As some of you may know, I celebrated my 16th wedding anniversary last week.  What none of you know is that the husband posted a facebook notice about it.  The sentiment was sweet, and he posted two pictures of us. One pic was actually quite nice- we were dressed for opening night at Carnegie Hall.  Beautiful dress, make-up artfully applied, hair not only combed but styled. (for the record, we don’t usually attend opening nights of anything- the last one we were invited to was when they opened up an Arby’s down the street)  Then there was the other photo.  The one with me in a bathrobe.  A big, white, fluffy bathrobe that hotels artfully hang in the bathroom.  And before you think this was a provocative shot, I  assure you it was not.  Let me give you a mental picture.  Imagine a tall, willowy model showing off a bathrobe.  Now squish her down so she’s a foot shorter and half a foot wider.  That’s how I looked in this robe- anti-provocative.  And think about this- if you’re wearing a robe, are you wearing make-up?  If you’re me you’re not.  And is your hair neat?  If you’re me it’s not.  Yeah- good times.

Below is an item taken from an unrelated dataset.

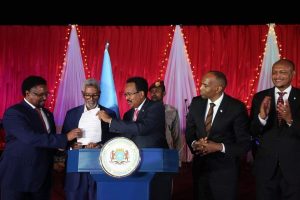 Madaxweynaha oo ka qaybgalayay xaflad lagu soo xirayay kalfadhiga lixaad ee Baarlamaanka Soomaaliya ayaa saxiixay Sharciga Doorashooyinka oo in muddo ah horyaallay.

When I saw the post- all I could think about was – really?  This is my visual legacy to the future- this picture of me unadorned in a white bathrobe?   Looking like the Stay Puft Marshmallow man?  I thought about asking the husband to take it down.

As I was about to call him, I thought about what I would be teaching the daughter if I took down this picture because I didn’t think it was a flattering portrayal of me.  What would that mean?  Was I ashamed to be short and curvy?  Was I ashamed of being seen without makeup?  Shouldn’t I be proud of my body and my appearance no matter what?  So I didn’t ask him to take it down.

I never thought of myself as vain.  I don’t obsess about what I wear. I use make-up because I like it.  My hair is in a simple, no fuss style.  I exercise and take care of my skin for the health benefits, not in a manner of trying to look younger than I am.  So why did I freak out about the picture?

I was proud of myself for overcoming my anxiety about my outer shell.  I felt good.  Who needs make-up?  Who needs a brush and hair product?  Not me.  I am happy with my appearance.  I look great just the way I am.  I am setting a great example to the daughter!   Long live the shot of me in a bathrobe!

When I saw the  daughter that night, the first thing she said to me was:  “Can’t believe you didn’t tell Dad to delete that picture.”


6 thoughts on “Vanity: Thy Name is Middle-Age

  1. I think we are related ! God knows I’ve posted so many unattractive photos of myself on FB – however, as I mentioned in my blog, I just can’t get all worked up about my photos anymore. At least I TRY not to get all cringy!

    Liked by 3 people

  2. Whenever I bemoan my extra pounds and curves, my husband responds with, ” But you look so much lovelier, I loathe skinny women. Why can’t you just enjoy the fact that you are womanly?” And maybe he has a point, its only the last 50 years that women have been brainwashed to try and be all that is not womanly, stick thin, a clothes horse and not a real human being who enjoys food, wine and all things sensual. Finally at 64 I am beginning to love me for what I am and there’s a great deal of truth in that saying ; today is the youngest/ slimmest/most beautiful that we may ever be…so revel in it!

    Liked by 3 people

  3. This post made me laugh! We do try so hard to accept ourselves the way we are, but we don’t always succeed. And just when we get to that comfort level….. But I’m still glad you didn’t ask him to take it down!

    Liked by 3 people

    1. The struggle is real! I just posted about this, too, and how the mirror doesn’t reflect what I feel inside. So, I don’t know if it’s vanity as much as it is about reconciling that disparity.